The whole field ⊗ Wind-up worlds ⊗ An innovative report on old technologies

This week → The whole field ⊗ Wind-up worlds ⊗ An innovative report on old technologies ⊗ Polak‘s Pull from the future ⊗ City-led political structures

A year ago → A favourite in issue No.173 was Superhistory, Not Superintelligence by Venkatesh Rao.

The whole field

At Phenomenal World, a great piece by Max Krahé (originally published in Grand Continent) on markets, planning, and coordinating the green transformation. As the American Green New Deal is pretty much stalled out, Krahé starts with a lot of questions on what needs to be done, how and when, to bring about a response to the climate crisis. He then considers three categories of responses to his questions: “independent local decision-making, market-based coordination, and planning,” which he follows up with a study of their respective strengths and weaknesses. He quickly jumps over local solutions, which is disappointing, then gives an excellent overview of the limitations of market-based coordination, which is very useful in understanding some of the mechanisms preventing markets from providing the needed transition, and how plutocrats and “a united bourgeois front” are preventing ‘easy’ intervention from the political side.

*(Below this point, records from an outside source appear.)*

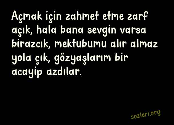 Açmak için zahmet etme zarf açık, hala bana sevgin varsa birazcık, mektubumu alır almaz yola çık, gözyaşlarım bir acayip azdılar. ( Arabesk Aşk )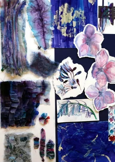 正式展示項目是從research 開始,包含所有靈感,keywords,利用圖片進行展現(xiàn),是設(shè)計過程的第一步。大家可以看到下面這個案例,以花為主靈感源,進行observation drawing,提取花的色彩、元素,結(jié)合所需要的面料,進行一些面料改造,作為Research的第一步。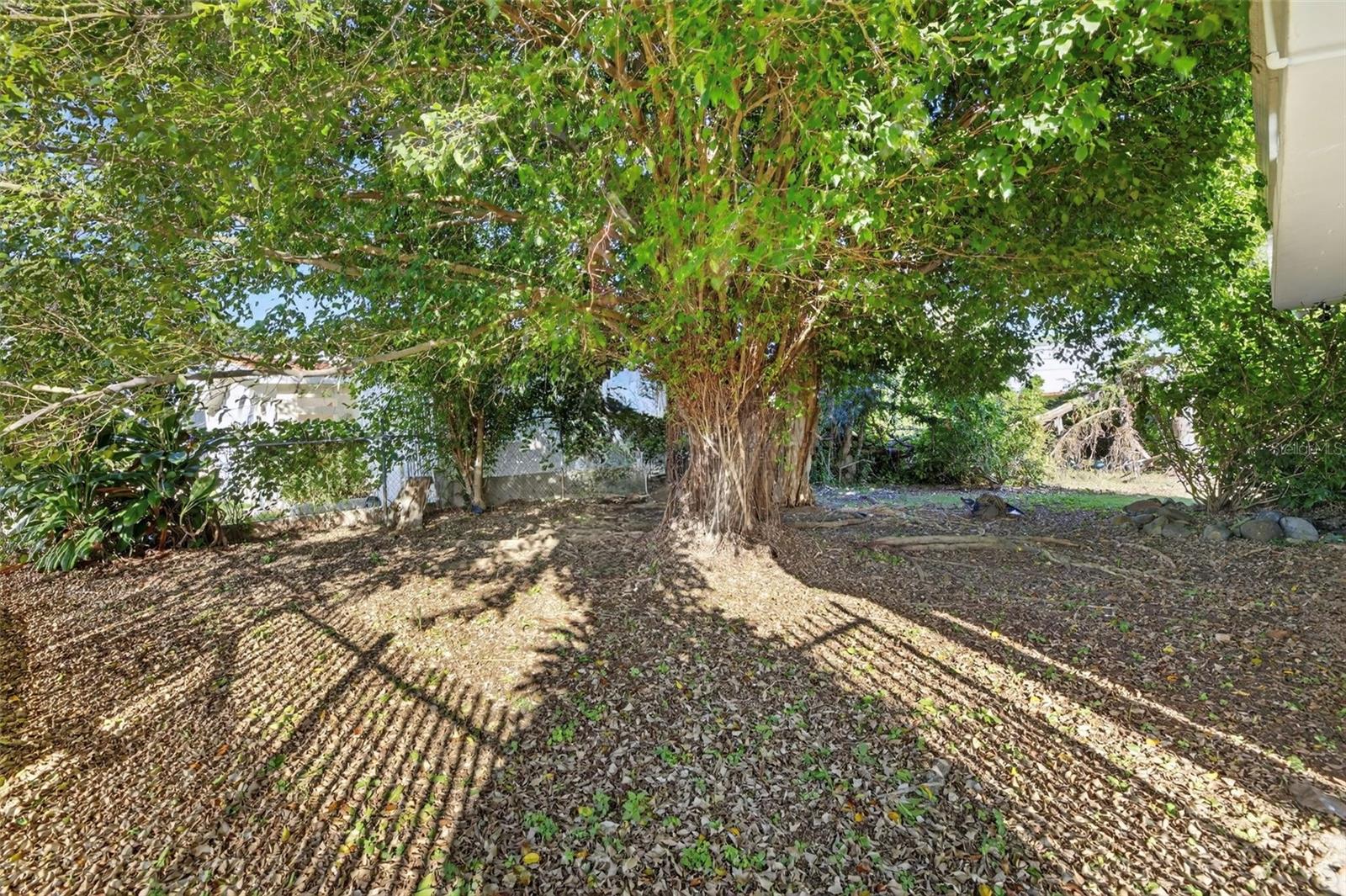 The large backyard shaded by mature trees offers a fresh and private atmosphere — ideal for creating a terrace, pool, BBQ area, or home garden.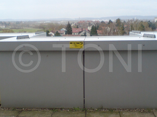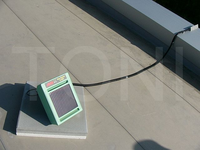 Insgesamt haben wir weit mehr als 500 Meter Attiken mit je drei parallen Drähten elektrisch geschützt. Die Montageschienen wurden so gesetzt, dass nur alle ca. 20 Meter eine Schiene notwendig ist. Die Stromversorgung haben wir mittels Solarstromgeber realisiert, so dass das System vollständig autark von der sonstigen Stromversorgung ist.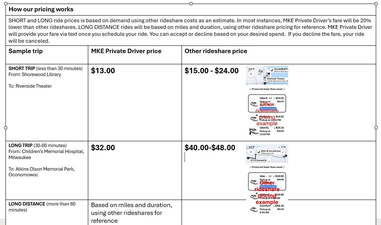 MKE Private Driver is owned and operated by Christine H., a licensed and insured mature driver.
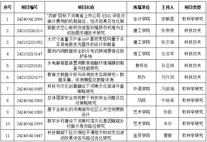 近日,根据《关于下达河南省二〇二四年科技发展计划的通知》(豫科〔2024〕42号),beat36511个项目获批2024年河南省科技厅项目立项,其中科技攻关项目5项、软科学研究项目6项。根据结果统计,beat365获批立项总数位居全省民办高校前列。这是beat365实施“有组织科研”以来,强化科研管理、加强团队建设、丰富学术交流、激发科研创新活力取得的新突破。

He then dives into how planning (not control) might work, using France’s post-WW2 recovery plan as an example. It’s an interesting parallel because, where much of Europe needed rebuilding, today we also need to rebuild much of how our economies operate (obviously everything else is very different). The Monnet plan concentrated on five sectors, and one today might also start from a similar list, “the five sectors driving climate change, land use, and biodiversity loss today: energy, transport, industry, housing, and agriculture.” The details Krahé provides on how that plan worked are worth a read, the central bureau and commissions being of particular interest.

Some hope in the end; “2022 is not 1989. The green transformation is a generational task, not a revolution unfolding in a matter of months. But apparently stable political structures can shift rapidly when pushed across a tipping point.”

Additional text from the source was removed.